The uncertain flag enables representation of HGVS uncertainty
(typically with parentheses around the uncertain
component). “stringifying” a variant regenerates an HGVS variant:
>>> str(var_g)
'NC_000017.11:g.43091687del'
>>> "This is a variant: {v}".format(v=var_g)
'This is a variant: NC_000017.11:g.43091687del'
And, in Python 3, stringification works in f-strings, like so:
> >> f"{var_g}"
'NC_000017.11:g.43091687del'
Validating and Normalizing Variants¶
hgvs provides functionality to validate and normalize variants:
>>> normalize(var_g)
SequenceVariant(ac=NC_000017.11, type=g, posedit=43091688del, gene=None)
>>> validate(var_g)
True
Projecting variants between sequences¶
When two sequences have alignments available in , a variant may be
“projected” from one sequence to the other. hgvs supports
projecting variants
- from g to c, n
- from c to g, n, p
- from n to c, g
The hgvs.assemblymapper.AssemblyMapper class provides a
high-level interface to variant projection. hgvs.easy
initializes AssemblyMapper instances for GRCh37 and GRCh37 as am37
and am38 respectively.
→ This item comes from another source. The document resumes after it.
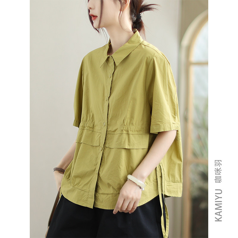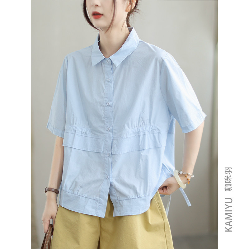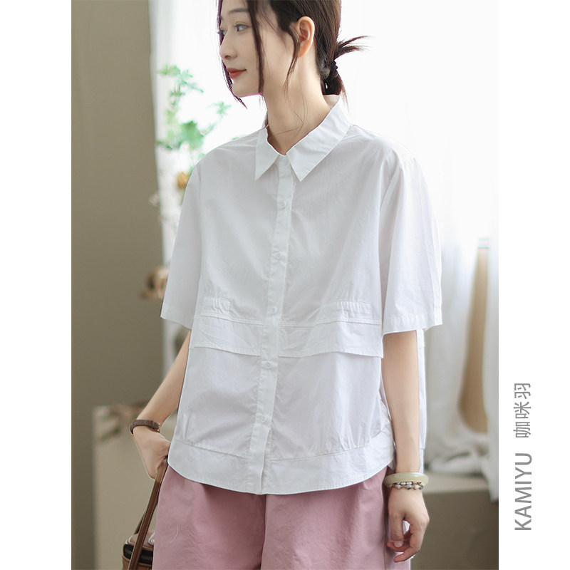 咖咪羽100%棉夏季女士衬衫短袖女宽松百搭复古时尚气质女装T恤女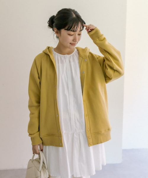ピュアルセシン 2022 AW collection【UNBLEACHED MILITARY】日々新たなニューノーマルが定着していく中でエッセンスとして今季はアーミーテイストを取り入れ変わらない美しさと上品な素材感を大切にし、洗練されたスタイリングの提案。◇裏起毛であたたか!こなれ感のあるフードブルゾン◇●デザイン程よくゆとりがあり秋の軽アウターとして重宝するフードブルゾン。フロントについたマットなスナップボタンがワンポイントに。お尻がすっぽり隠れる着丈で暖かさと安心感があります。レディライクにもカジュアルにも幅広くデイリーからお出掛けまで幅広いシーンで活躍してくれるブルゾンです。●カラー展開ベージュ/グレージュ/ブラック/イエロー/ピンク/ブルー系の6色展開。●素材ふっくらとした裏起毛素材。ストレッチが効いており、動きやすくなっております。ご自宅でお手入れしていただけます。●スタイリングレディライクなコットンスカートやワンピースカジュアルなデニムやカラーパンツなど、どんなアイテムにも相性が良いアイテム。おうちじかんにも、ワンマイル~タウンウェアとしても活躍します。===============================透け感:なし裏地:なし伸縮性:あり光沢感:なし生地の厚さ:厚手【スタッフコメント】年齢:20代半ば/身長:154cm/普段着用サイズ:Mサイズサイズ感:程よくゆとりがあるので低身長でもスッキリと着用できました。素材感:ふっくらした厚手の裏起毛で暖かい着心地です。===============================※撮影場所やお使いのモニター環境により若干お色味が異なる場合がございます。特にロケの撮影では明るく見える傾向にございます。※予約商品はサンプルで撮影をしております。若干の仕様が変更になる場合がございますので予めご了承の上ご注文くださいますようお願いいたします 。

For example:
>>> transcripts = am38.relevant_transcripts(var_g)
>>> sorted(transcripts)
['NM_007294.3', 'NM_007297.3', 'NM_007298.3', 'NM_007299.3', 'NM_007300.3', 'NR_027676.1']
We can now project the genomic variant, var_g, to each of these
transcripts using the g_to_t function, and the transcript variant
to a protein sequnce using the t_to_p function.
>>> for ac in sorted(get_relevant_transcripts(var_g)):
... var_t = g_to_t(var_g, ac)
... var_p = t_to_p(var_t)
... print("-> " + str(var_t) + " (" + str(var_p) + ") ")
...
-> NM_007294.3:c.3844del (NP_009225.1:p.(Glu1282AsnfsTer25))
-> NM_007297.3:c.3703del (NP_009228.2:p.(Glu1235AsnfsTer25))
-> NM_007298.3:c.788-655del (NP_009229.2:p.?)
-> NM_007299.3:c.788-655del (NP_009230.2:p.?)
-> NM_007300.3:c.3844del (NP_009231.2:p.(Glu1282AsnfsTer25))
-> NR_027676.1:n.3980del (non-coding)
In hgvs, the t type can be either c or n. Only
variants on coding sequences (c.) can be projected to a protein
sequence. As a special case, t_to_p returns “non-coding” when the
input variant is on a non-coding sequence.